Gringa Calzados
De Chivilcoy a Colapinto
El emprendimiento Gringa Calzados formó parte de la Feria BIO, un espacio que les permitió dar sus primeros pasos en el mundo empresarial. Hoy, su nombre resuena con fuerza gracias a que fabrican alpargatas para el piloto argentino Franco Colapinto.Aunque actualmente no participan por cuestiones de trabajo, Mariela y Lucio, los dueños de esta empresa familiar, no dejan de agradecer al doctor Juan Curcio, quien les brindó la posibilidad de abrirse camino y conocer nuevos mercados. Hoy, su nombre resuena con fuerza gracias a que fabrican alpargatas para el piloto argentino Franco Colapinto, y desde entonces han expandido su producción por distintas regiones del país.
El sueño de Gringa Calzados comenzó a tomar forma en 2019, impulsado por el entusiasmo de Mariela, quien tenía el deseo de crear y fabricar algo propio. Así, iniciaron su travesía con las alpargatas, un calzado tradicional que poco a poco fueron perfeccionando hasta llegar a la propuesta actual: un producto artesanal, donde la calidad de la materia prima es una prioridad y el toque hecho a mano se mantiene en cada detalle.
La conexión con Franco Colapinto surgió cuando la dupla intentó contactarlo sin éxito, ya que se encontraba en Europa. Sin embargo, lograron comunicarse con su padre y, al llevarle un regalo de alpargatas, el piloto se sorprendió gratamente y decidió utilizarlas, incluso en situaciones públicas como visitas a supermercados. Asimismo, Lucio contó que es apasionado por el automovilismo y Franco representa un referente que hacía mucho tiempo no se veía en Argentina. Además, destacan el carisma que comparte Franco y su padre, a quien conocieron personalmente, mientras que al propio piloto lo siguen y admiran desde lejos.
El impacto de que Franco use sus alpargatas ha sido significativo, ya que personas de su peña y de todo el país les solicitan el producto, que envían a través de internet, transporte o correo argentino.

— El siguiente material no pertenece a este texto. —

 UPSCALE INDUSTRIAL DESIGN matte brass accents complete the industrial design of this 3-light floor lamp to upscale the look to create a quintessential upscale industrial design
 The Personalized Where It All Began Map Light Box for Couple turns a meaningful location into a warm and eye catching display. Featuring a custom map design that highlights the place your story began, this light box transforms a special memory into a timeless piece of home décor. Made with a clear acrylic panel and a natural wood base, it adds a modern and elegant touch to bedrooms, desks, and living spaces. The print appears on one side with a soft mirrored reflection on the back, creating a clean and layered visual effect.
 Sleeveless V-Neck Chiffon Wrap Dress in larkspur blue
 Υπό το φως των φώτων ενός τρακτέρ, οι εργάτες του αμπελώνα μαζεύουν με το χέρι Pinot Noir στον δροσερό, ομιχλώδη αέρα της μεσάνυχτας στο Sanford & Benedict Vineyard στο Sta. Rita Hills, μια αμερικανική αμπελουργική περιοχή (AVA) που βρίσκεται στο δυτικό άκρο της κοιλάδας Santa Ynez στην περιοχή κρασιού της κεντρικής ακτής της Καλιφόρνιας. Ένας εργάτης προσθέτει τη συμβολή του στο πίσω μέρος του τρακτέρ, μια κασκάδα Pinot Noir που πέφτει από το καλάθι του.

Para ellos, es un gran orgullo que un referente como él elija sus creaciones.
En cuanto a la producción, mantienen un ritmo equilibrado, fabricando alrededor de 120 alpargatas por mes. La construcción de estas es cuidadosa, están forradas en su interior, utilizan lona resistente en la parte exterior, con refuerzos en la caña y el talón entre el forro y la tela. La plantilla es de 4 milímetros y la base cuenta con un cartón de 1,5 milímetros y otro de 1,8 milímetros de PEU, un material elástico e inyectado similar al de las zapatillas de marca, que brinda un confort excepcional, el usuario pisa sobre casi 2,7 centímetros, una diferencia notable respecto a las alpargatas convencionales.

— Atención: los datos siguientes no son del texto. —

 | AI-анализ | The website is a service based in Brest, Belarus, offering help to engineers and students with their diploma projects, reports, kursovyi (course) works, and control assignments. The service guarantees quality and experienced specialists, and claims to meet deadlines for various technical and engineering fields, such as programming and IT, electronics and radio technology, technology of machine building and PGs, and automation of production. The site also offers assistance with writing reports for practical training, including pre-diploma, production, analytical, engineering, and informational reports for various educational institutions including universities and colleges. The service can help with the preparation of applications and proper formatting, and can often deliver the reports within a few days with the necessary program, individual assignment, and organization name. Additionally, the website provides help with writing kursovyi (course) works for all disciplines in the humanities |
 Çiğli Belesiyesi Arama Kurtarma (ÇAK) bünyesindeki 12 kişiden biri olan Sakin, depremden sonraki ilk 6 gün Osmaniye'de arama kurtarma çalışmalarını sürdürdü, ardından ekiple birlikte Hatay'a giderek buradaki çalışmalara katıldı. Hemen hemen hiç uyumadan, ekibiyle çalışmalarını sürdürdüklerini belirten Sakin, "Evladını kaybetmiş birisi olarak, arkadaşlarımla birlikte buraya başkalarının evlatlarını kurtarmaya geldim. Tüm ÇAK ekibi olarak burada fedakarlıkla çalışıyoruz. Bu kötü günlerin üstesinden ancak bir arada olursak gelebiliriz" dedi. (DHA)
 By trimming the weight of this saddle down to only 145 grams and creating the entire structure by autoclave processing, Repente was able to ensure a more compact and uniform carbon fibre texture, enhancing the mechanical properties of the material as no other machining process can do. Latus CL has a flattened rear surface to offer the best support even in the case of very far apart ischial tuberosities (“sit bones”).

La variedad es otro punto fuerte, ofrecen colores lisos, estampados, rayados o con flores. Además, al ser artesanales, permiten que los clientes elijan combinaciones personalizadas, y también realizan pedidos a medida para personas con pies de mayor talla o características específicas. También están proyectando desarrollar productos con logos de empresas para regalos empresariales o uso interno de empleados, con bordados de alta calidad.

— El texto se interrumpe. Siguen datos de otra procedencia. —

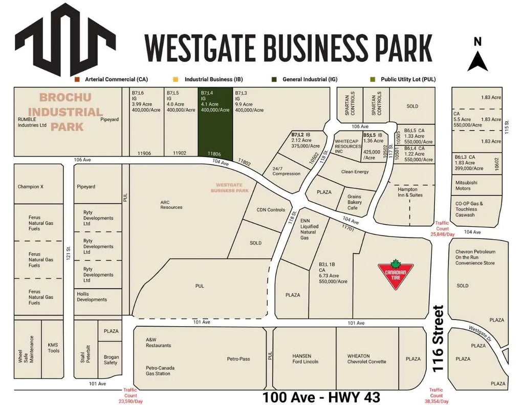 Final Phase of Westgate Business Park. Providing you access to the thriving economies in the oil & gas, agriculture, and forestry industries. This High visibility 4.01 - Acre Industrial lot offers direct access to all major transportation routes. Close to Grande Prairie Regional Airport and the new Grande Prairie Regional Hospital. Grande Prairie is the service hub for northern Alberta and British Columbia, with a demographic service area of more than 275,000 people. Limited premier lots still available and this is the ideal place to build your business. Wexford offers build-to-suit options to bring your design plans to life. Call you commercial REALTOR® today for more information.

A pesar del crecimiento que han experimentado, Mariela y Lucio buscan mantener la esencia artesanal de su trabajo, ya que consideran que la industrialización perdería el valor único de sus productos. Saben que quienes valoran el trabajo hecho a mano están dispuestos a esperar, y se esfuerzan por brindar la mejor calidad para que los clientes recomienden sus productos de boca en boca, lo cual consideran la mejor forma de expandirse.